10 July 2006

A history of wikiphobia in Sydney

Worrying about the subversive potential of Wiki has long preoccupied The Project. The message has been publicly enforced for over a year now: "We will decided what is Sydney's history, and the manner in which it is written" is a Project subtext.

Before the launch of The Project the message was clarified. It was firstly market tested in small community newspapers, apparently with no negative reaction from local historians:
City Weekly 30 June 2005 Tap into history
"Members of the public will ... be able to submit suggestions for the dictionary which will be reviewed by the board."

Sydney Central 6 July 2005 Sydney'’s defining tales
"It's going to take years", Dr Fitzgerald said "We've already commissioned about 600 articles and that's just the start". ... The Project ... will rely on input from local historical societies and libraries.
...a number of cities across the globe have been working on compiling their history in similar ways. .. The ability to add to the resource so it reflects the City as it changes is, according to Dr Fitzgerald, one of the strengths of presenting the information online."

Then it was into a 'big' newspaper, with national circulation amongst Australia's commercial sector and business elite:

Australian Financial Review 30 August 2005 Work begins on online Sydney dictionary
"Work has begun on a dictionary of Sydney that will be similar to Wikipedia online encyclopaedia.
Hundreds of historians, academics and institutions are expected to contribute entries.
It will be web-based but could also spin off various hard and soft-copy publications.
The use of web technology means there is no limit to the size of the dictionary.
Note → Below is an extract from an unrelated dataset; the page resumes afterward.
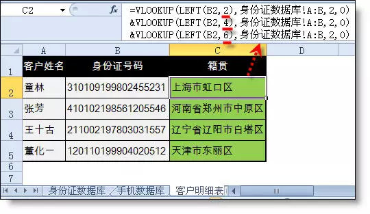 有了身份证数据库,在客户明细表中就可以用vlookup函数分别提取省、市和区,用&连接在一起构成归属地。公式:C2
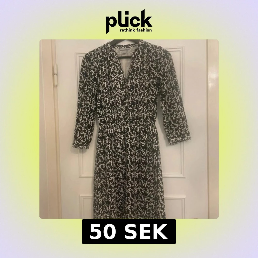 H&M klänning i svart/vitt/blått med knappar,

The English version of Wikipedia the online encyclopaedia that began in 2001, boasts more than 700,000 entries. But unlike Wikipedia, contributors to the Dictionary of Sydney will be by invitation only - although members of the public will be able to submit suggestions."

After the launch the media remained on message, with once again the minnows swallowing the hook without question:

MX 7 June 2006 Digi-Sydney launch near
"It [the dictionary] will be compiled by experts from the University of Sydney with the help of the City of Sydney Council."

Inner City Courier 13 June 06 Sydney'’s new centre point of reference "The university's Professor Stephen Garton and City of Sydney historian Dr Shirley Fitzgerald will lead hundred of researchers, who will be contributing to the project. ... She said all contributions will be read and considered for inclusion on the site but she is "not promising to publish everything"

The main state-wide 'quality' broadsheet then also followed the authorised line:

Sydney Morning Herald 14 June 2006 Tale of one city - interactive and online "There will be something on every suburb"” said Dr Shirley Fitzgerald, the City of Sydney council historian who is helping to co-ordinate the mammoth project. "You never know what stories people are going to come up with"”.
The dictionary may be similar to the online encyclopaedia Wikipedia, for which hundreds of people contribute information each day.
Members of the public will be encouraged to submit suggestions, but they will have to convince a panel of historians that their story is accurate before it is included.
"There are a heap of people who want to get their information about Sydney from the internet, not from books - it'’s not going to replace books of course" Ms Fitzgerald said.
"Because it is online, there are no size limits, and the thing can just keep growing."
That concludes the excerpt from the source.